離さないで


「…しばらくは、一緒にいない方がいい」

静かに告げられた言葉に、私は小さく頷く。
どうしてですか、なんてわかりきったことは聞かない。
離れた方がいいときが、私たちにはあるのだ。

お互い相容れない団体に所属している限り、それは仕方のないこと。

一緒にいるのに、話せないことがあるのは苦しい。
だから今は距離を置く。
それが私たちのため。

わかってるけど、私は沸き上がる気持ちを隠すことはできなかった。

寂しい。
悲しい。
一緒にいたい。

どうして幸人先輩は、そんな平気そうな顔をしていられるんですか?

声には出さず、代わりにスカートをぎゅっと握りしめる。
躊躇いがちに頭に触れた手の優しさに、私はその日、最後まで幸人先輩の顔を見ることができなかった。
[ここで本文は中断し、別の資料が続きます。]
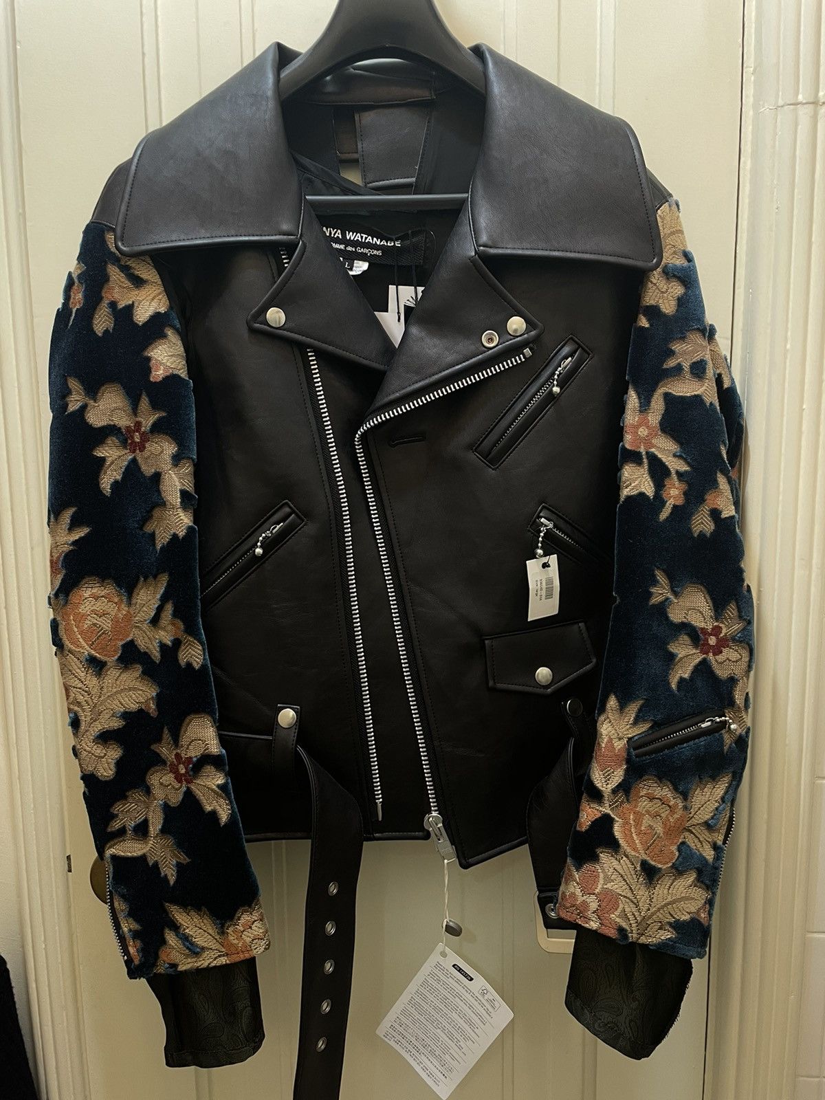 Comme des Garcons Junya Watanabe Comme Des Garcons Floral Velvet Cut Out Leather Biker Jacket Grailed Very well made.

企画していたイベントも終わった放課後、夕陽の差し込む美術準備室。
窓の外を眺めながら、ぼんやりと今日のことを思い返す。

相変わらず直江先輩はブツブツと文句をこぼし、葉月先輩はにこにこしながら直江先輩を引きずっていた。

ただ、そこに幸人先輩の姿は見えなくて。

傍にいて、苦しかったはずなのに。

離れたら、もっと。

離れたほうが、もっと。



ガラリと背後で扉の開いた音がして、私は慌てていつの間にか濡れていた頬を拭った。
「…っ」
Gフェスの誰かが戻ってきたのかと振り向こうとした瞬間、背中からぎゅっと抱きしめられる。

力強い腕。
頬に触れるやわらかな髪。

耳の奥に響くのは、小さく私の名前を呼ぶ彼の声。

「幸人、先輩…?」
「…やっぱり、ここか…」

少しだけ乱れてる呼吸に、生徒会長である彼が、ここまで校内を走ってきてくれたのだということがわかる。
ぎゅう、と強い力で私を抱く腕にそっと手を重ねれば、幸人先輩はいっそう腕に力を込めた。
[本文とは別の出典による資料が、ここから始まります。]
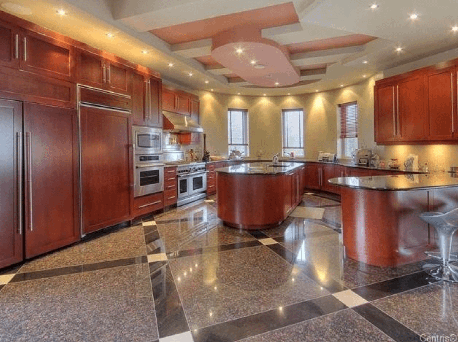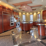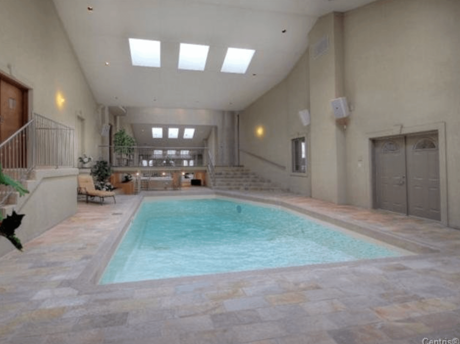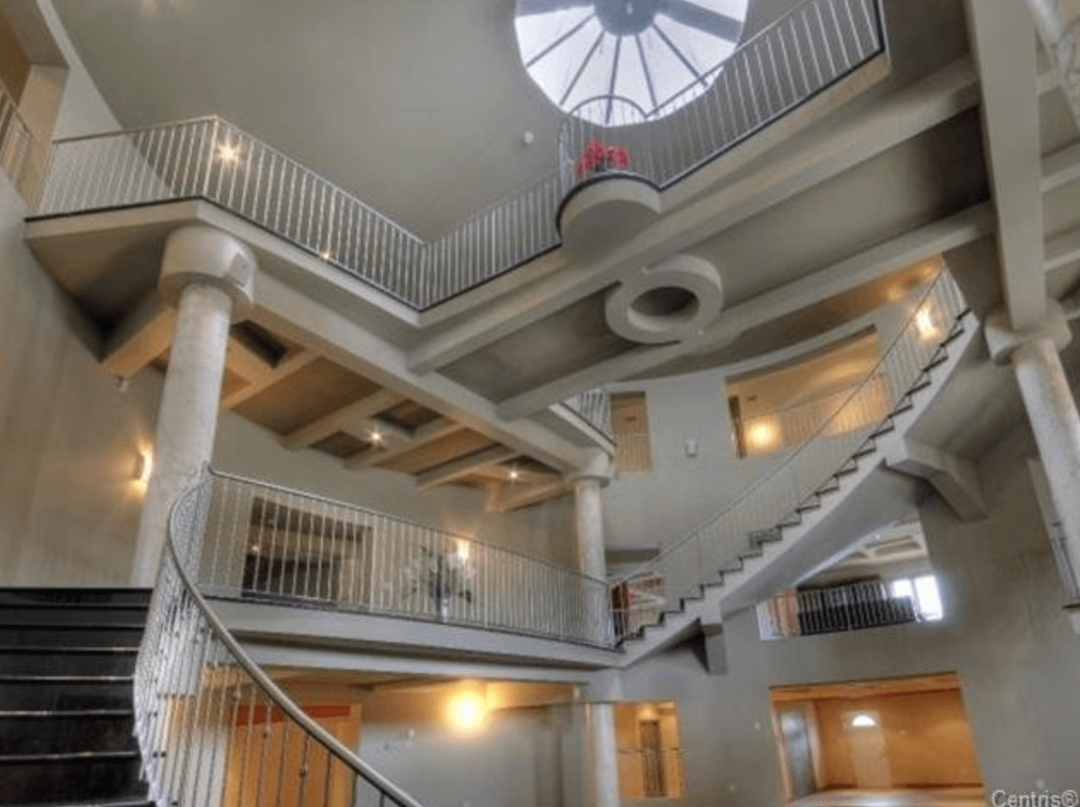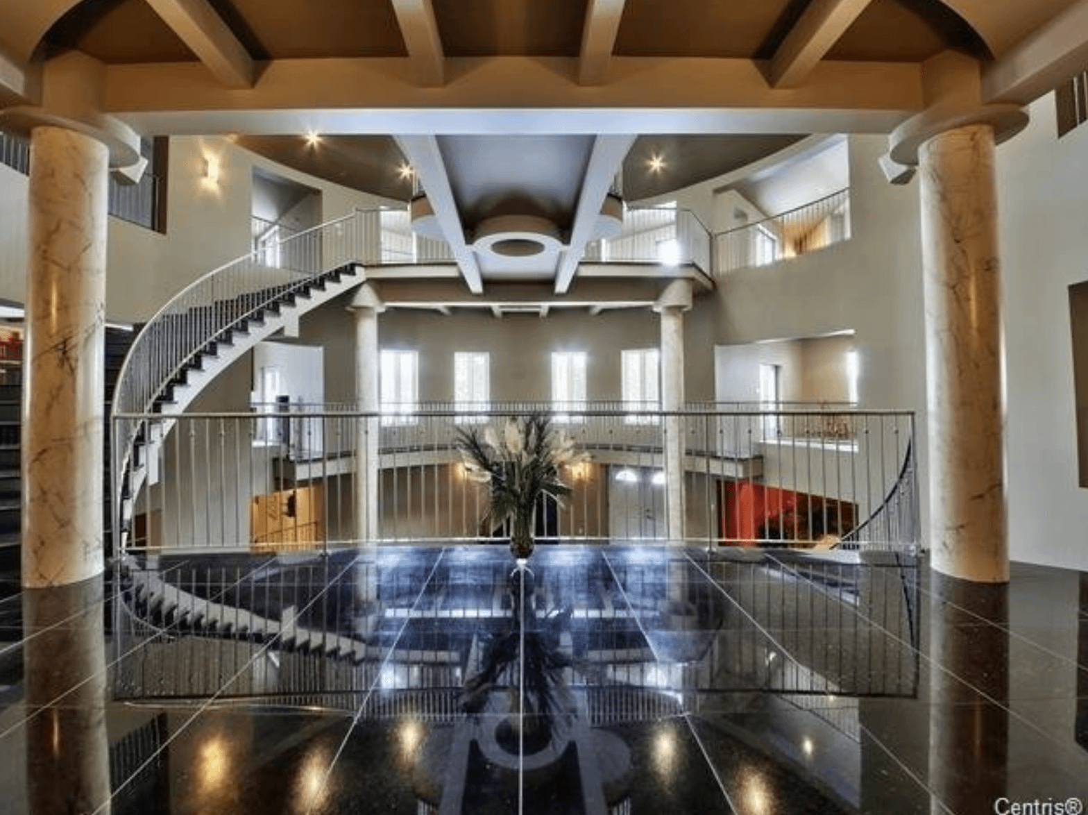 The 40+ room monstrosity was built in 2001 and features over 30,000 square feet of living space with 10 bedrooms, 8 bathrooms, two attached guest apartments, granite floors & staircases, 49 skylights, multiple living & dining rooms, movie theater, atrium with indoor pool, 9-car garage and more.

「い…」と小さく漏れてしまった私の声に反応して、先輩の腕の力が緩む。
その隙に私は身体ごと振り返り、彼の背中に腕をまわした。
幸人先輩に応えるように、力一杯彼を抱きしめる。
幸人先輩も、今度は包み込むように、優しく私を抱きしめ返してくれた。

「…腕、苦しいですか」
「いや…」
「本当ですか?」

聞きつつ腕の力を緩め、彼の顔を見上げる。
涙の痕が残っていたのか、私の目許を親指で拭い、先輩は小さく微笑んだ。


「離れてるほうが、苦しいに決まってる」


ゆっくりと塞がれた唇に、恥ずかしさよりも嬉しさが勝る。

熱い吐息に、抱きしめてくれる腕。

私を映す真っ直ぐな瞳。


そして何より、同じ気持ち。


「…私も、です」
「ああ」
「幸人先輩は…平気なんだと思ってました」
「…そんなわけ、」
ないだろう、と先輩は呟き、私の額に彼の額を合わせる。
すぐそこにある幸人先輩の表情は、少し悲しそうだった。

「ただ…見ていられなかった」
「…何を、ですか…?」
「あんたの苦しそうな顔を、だ」

ふ、と視線をそらし、私の髪に顔を埋める。

「…その反動が来た」
「反動?」

聞き返すも、幸人先輩は黙り込み、そのまま私の髪を優しく撫でた。
その心地よさに頬を擦り寄せると、探るように彼の唇が頭から耳、頬を伝い、私の唇を奪う。
後頭部を押さえられ、息つく間もない幸人先輩とのキス。

苦しいはずなのに、つらくない。
さっきまで溢れていた涙はもう、どこかに行ってしまった。

だって、こうして、傍にいる。

幸人先輩の熱を求めるように、私は彼の制服をぎゅっと握る。

「…しばらくは、離せそうにない」

それでもいいか?


幸人先輩の言葉に応えるように、私は彼の背中にもう一度腕をまわした。




離さないで、

今だけは。




(…最近の幸人、おかしいですよね…)
(ほんと、京一は幸人しか見えてないねぇ)
(…葉月は心配じゃないんですか?)
(大丈夫、明日には元通りだから)
(なぜ、そう言えるんです?)
(…生徒会長が廊下を走ってたからかなぁ)


end



自分から言い出したくせに、平気じゃなかったのは結局自分だったっていう。